Not like when a hint freezes the game, forcing you to watch as text is leisurely typed one letter at a time. Not like when a hint appears and an accidental touch closes it, never to be seen again. And not like when an interaction hint only appears when approaching in a bent-over position from a certain side.
In Automatic Tutorial Maker for Unity we've already thought through most of these nuances. For example, solving the problems above:
⚙️ Choose zoom/fade/slide animation for hint appearance and a duration of 0.5 sec.
⚙️ Set a minimum time for the hint to exist - 1.5 sec. Or add a mandatory confirmation button.
⚙️ Activate the hint asynchronously when approaching the target through Vector3.Distance.
And here are two paragraphs from the book "The Art of Game Design: A Book of Lenses". Both explore how developers can better explain things to players.
The ability to think like a player. "Where does this location intuitively lead me, and where might I get stuck?"
Playtests and adaptation. If explanations become necessary, write accompanying phrases in a notebook. This is the potential tutorial that needs to be beautifully integrated into the game. Either in the words of characters or in the geometry of the scene.

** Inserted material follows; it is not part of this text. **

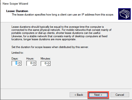 Lease Duration adımında, dağıtılan IP adreslerinin IP adreslerini alan Client’larda ne kadar süre kalacağını belirleyen Lease Time‘dır (kira süresi). Varsayılan olarak 8 gündür. Kablosuz ağlarda bu değer 8 saat olarak değiştirmelidir. Next seçilerek yapılandırmaya devam edilir.

Actually, at the core of ATM are these two things: the developer sits down and walks the player's path while showing it. This generates basic hints, and it also allows you to review the game through different eyes one more time. To test and improve the tutorial logic while remaining calm about the technical part.
🎮 This is reminiscent of King of Thieves: a mobile game where before saving traps in your dungeon, you need to complete them yourself.
👀 And it also somewhat resembles hunting. To capture the player, you need to think like a player, and also spy on them from your developer bushes, again and again.
Automatic Tutorial Maker (ATM) is a tool that not only automates routine tasks but also rethinks the approach to creating tutorial systems. By taking care of the technical implementation (animations, timings, trigger conditions), it frees the developer from "coding for the sake of coding," allowing them to focus on what truly matters — logic that doesn’t frustrate the player. No more spending hours debugging pop-ups or calculating trigger distances for hints. Instead, you can immerse yourself in the player’s role: analyze where they might get stuck, how to guide them without words, and what level metaphors can make the learning process feel natural. ATM transforms tutorial creation into a dialogue with the player: you design the experience, the tool brings it to life, and the resulting mechanics work like an invisible guide — unobtrusive yet reliable. This isn’t just about saving time; it’s an opportunity to turn a mandatory step into a chance to surprise: when the tutorial becomes part of the game rather than an interruption, players don’t rush to skip hints, and developers don’t dread creating them.